Photo: すしぱく on Pakutaso

The Wonderful World of Local Gachapon

Japan has had a long love affair with automated shopping. Whilst internet shopping may not be as popular in Japan as in the West, low-tech automation is booming with over 5 million vending machines nationwide, which comes to about 1 machine for every 23 people. With this national aversion to buying something from a shop clerk it is no surprise that automation has dominated the toy market as well. 

Massively popular toy dispensing capsule machines known as “Gachapon” can be found all around Japan. Named onomatopoeically “gacha” represents the sound that the machine makes when you put a coin in and twist the handle, and “pon” represents the noise of a little plastic ball falling out. 

Inside the ball you will find all sorts of fun and fascinating items ranging from toys based off of popular anime characters to hats for your cat. Many of these machines are aimed at an exclusively adult audience sometimes having an 18+ rating. There are loads of really interesting gachapon but a small company has just changed the game.

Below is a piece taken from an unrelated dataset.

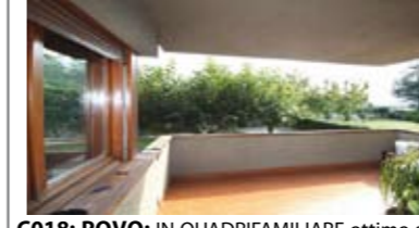
C018: POVO: IN QUADRIFAMILIARE ottimo appartamento di ben 107 mq. utili, ottimamente esposto e con vista. Ingr., soggiorno di 30 mq., terrazza, cucina abitabile, ripost., doppi servizi, disimp. arredabile, matrimoniale 18 mq., balcone, stanza doppia, (ricavabile terza stanza); box, cantina, orto e giardino, T.A., Cl. En. E

The small manufacturing company Kenelphant has launched Figure Miyage, a series of small models representing different famous things about the regions of Japan. Well over half of Japan has had models made to represent them and the company plans to expand, eventually covering the whole archipelago. You can chart their progress and check out the different models by using the interactive map on their website.

The original plan seems to have been to create a set of souvenirs for each prefecture. This has worked great for a prefecture like Hiroshima that has a lot to offer. The little trinkets are mostly based on the famous island of Itsukushima, it’s iconic floating Torii gate being the most desirable of the items. There is also the signature food of the island, momijimanju cakes as well as the contentious Hiroshima style okonomiyaki. As well as these, you can collect a miniature of the Miyajima ferry that goes to and from Itsukushima and a character from In This Corner of the World (この世界の片隅に Kono Sekai no Katasumi ni), a popular manga series set in Hiroshima prefecture. These make for a fantastic set of little souvenirs to remember your trip by. There is also still plenty of Hiroshima left unadapted such as the historic Peace Park, Rabbit Island and much, much more. I would not be surprised if there is a second set of Hiroshima gachapon on the way. Figure Miyage has produced four different sets for Hokkaido so the sky is the limit with a cultural rich place like Hiroshima.

Whilst each region of Japan is fascinating in its own way, Kenelphant has discovered that not all regions are created equal. It is unknown if it was for reasons of expense or a lack of ideas but certain prefectures have been combined instead of getting their own individual sets. The entire region of Tohoku in Northern Honshu has been shrunken to only one collection of figures, as has all of Japan’s southern island of Kyushu. 

The Kyushu set in particular seems like a real missed opportunity. The island has a fascinating history which has been condensed to just 8 figures, one for all 7 prefectures as well as a train that connects them together. Some of the models such as the Kumamoto Castle seem like a no-brainer but other items such as the archaeological site Yoshinogari in Saga, or the legs of a synchronized swimmer emerging from an Oita Onsen are a bit difficult to figure out without some background knowledge. Many of these sites are unknown to tourists and are not even the most famous sites on the amazing island.

The series of gachapon where Kenelephant obviously struggled the most though was the Yamaguchi series. It is odd that the often forgotten about prefecture of Yamaguchi, right at the southern tip of Japan’s main island of Honshu, got its own series whilst Kyushu was all combined into one set. Yamaguchi does have its good points, but it is hardly a mecca for Japanese tourists. The most famous sites are Motonosumi Shrine, Tsunoshima Bridge, Akiyoshidai Park, and lastly Kintai Bridge. Only one of these famous landmarks was chosen to be included, Kintai Bridge, the rest of the series is made up of quite strange choices.

There are three famous figures of Japanese history, none of which are internationally famous though they are mostly known in Japan. Hirobumi Ito, the first prime minister of Japan, Shinsaku Takasugi, a heroic general and Shouin Yoshida, an educator. As well as these odd choices, there is also a broken furnace from the ruins of Hagi Castle where some of the first ore in Japan was processed. This collection does not make for the most interesting line of trinkets, especially for children who are usually the main target market for small cartoonish models of this nature. I have no idea who these are aimed at. Many of these are unintelligible to the average foreign visitor and may even be confusing to Japanese tourists as well.

Despite running through how obscure and odd many of the company’s choices were when making these little local gachapon, I still love them. If you want a really unique souvenir and it doesn’t matter if you understand what it is or not, look out for Figure Miyage gachapon on your travels around Japan.